Generate images with AI — entirely on your Mac. No cloud, no API keys, no subscriptions.

LocalImg is a native macOS app that runs Stable Diffusion models locally on Apple Silicon using the incredible MLX framework. Type a prompt, hit generate, and watch your image come to life — all without a single byte leaving your machine. This is made for fun, MVP stage, curious on local image generation project.

localImg

✨ What It Does

  • Text-to-Image Generation — Describe what you want, and LocalImg generates it right on your Mac.
  • 100% Local & Private — Everything runs on-device. No internet required after the initial model download.
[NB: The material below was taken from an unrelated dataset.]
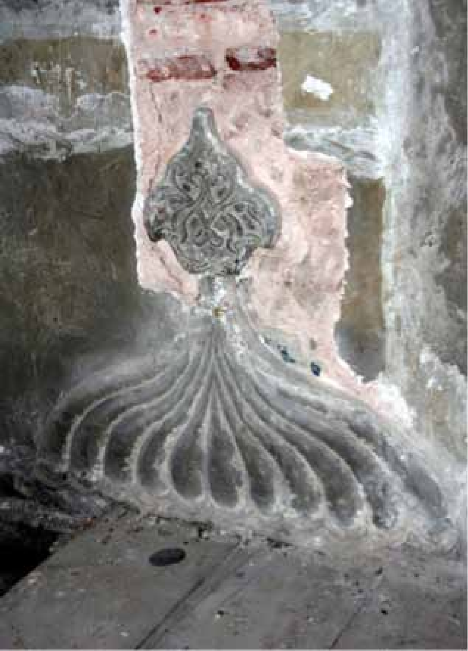
Resim 3. Çeşmenin palmetle taçlana tepelik bölümü ve kenarında çini izleri.

Your prompts never leave your computer.
  • Live Preview — Watch the image progressively denoise in real-time as it generates.
  • Generation History — Every image you create is saved with its full parameters (prompt, seed, steps, guidance, dimensions) via SwiftData, so you can browse, revisit, and reproduce any past generation.
  • Zoomable Image Preview — Pinch-to-zoom and pan across your generated images with smooth controls.
  • Adjustable Parameters — Fine-tune steps, guidance scale, seed, dimensions, and output format (PNG/JPEG) to your liking.
  • Multiple Models — Ships with support for SDXL Turbo, with an architecture that makes adding more models straightforward. (Support for Stable Diffusion 2.1 Base is still baking)

🧠 Why MLX?

This project exists because of Apple's MLX framework — and honestly, it's kind of magic.
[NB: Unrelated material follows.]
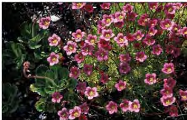
En hagesildre med rosa blomster, med rosetter av skyggesildre til venstre i bildet.

Sildre-artene ser ut til å ha kommet i bruk under 1800-tallet. Tilhører sildrefamilien Saxifragaceae .
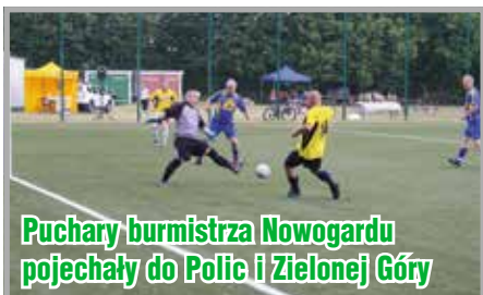
Puchary burmistrza Nowogardu pojechały do Polic i Zielonej Góry

MLX is an array framework designed specifically for machine learning on Apple Silicon. It brings GPU-accelerated inference to the Mac in a way that feels native, efficient, and fast. The mlx-swift-examples repository provides a Swift-native Stable Diffusion implementation that this app wraps, meaning we get:

  • Unified Memory — Apple Silicon shares memory between CPU and GPU, so there's no expensive data copying. The model just runs.
  • Float16 & Quantization — MLX supports fp16 and quantized inference out of the box, keeping VRAM usage low even on machines with 8 GB of unified memory.
  • Lazy Evaluation — Computations are only materialized when needed, which keeps the pipeline lean.
  • Swift-Native — No Python bridge, no ONNX runtime, no Core ML conversion step. Pure Swift, directly calling into MLX's metal shaders.
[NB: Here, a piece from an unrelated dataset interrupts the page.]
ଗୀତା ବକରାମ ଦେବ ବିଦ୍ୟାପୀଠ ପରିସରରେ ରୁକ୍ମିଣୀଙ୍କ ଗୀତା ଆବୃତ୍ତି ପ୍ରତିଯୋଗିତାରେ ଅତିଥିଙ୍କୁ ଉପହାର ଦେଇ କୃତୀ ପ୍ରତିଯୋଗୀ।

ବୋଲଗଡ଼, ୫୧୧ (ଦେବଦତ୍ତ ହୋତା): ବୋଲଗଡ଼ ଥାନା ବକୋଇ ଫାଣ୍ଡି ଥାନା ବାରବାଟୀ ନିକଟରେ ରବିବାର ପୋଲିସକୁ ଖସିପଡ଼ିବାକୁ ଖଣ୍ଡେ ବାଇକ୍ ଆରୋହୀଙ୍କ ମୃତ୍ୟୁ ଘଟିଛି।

Apple's investment in on-device ML is genuinely impressive, and MLX is the clearest expression of that vision. This project is a small love letter to that work. 💜


🏗️ Architecture & Design Decisions

Why Swift Package Manager (not Xcode project)?

LocalImg is a pure Swift Package — no .xcodeproj, no .xcworkspace. You can build and run it with swift run from the terminal. This keeps the project lightweight, portable, and free from Xcode-specific cruft. The NSApplication.setActivationPolicy(.regular) call in the app entrypoint ensures it behaves as a proper foreground GUI app even when launched from the terminal.

Why SwiftUI + SwiftData?

  • SwiftUI because it's the modern, declarative way to build macOS interfaces, and it pairs beautifully with the @Observable pattern for reactive state management.
  • SwiftData for history persistence because it's zero-config, built into the platform, and perfect for the simple schema of generation records.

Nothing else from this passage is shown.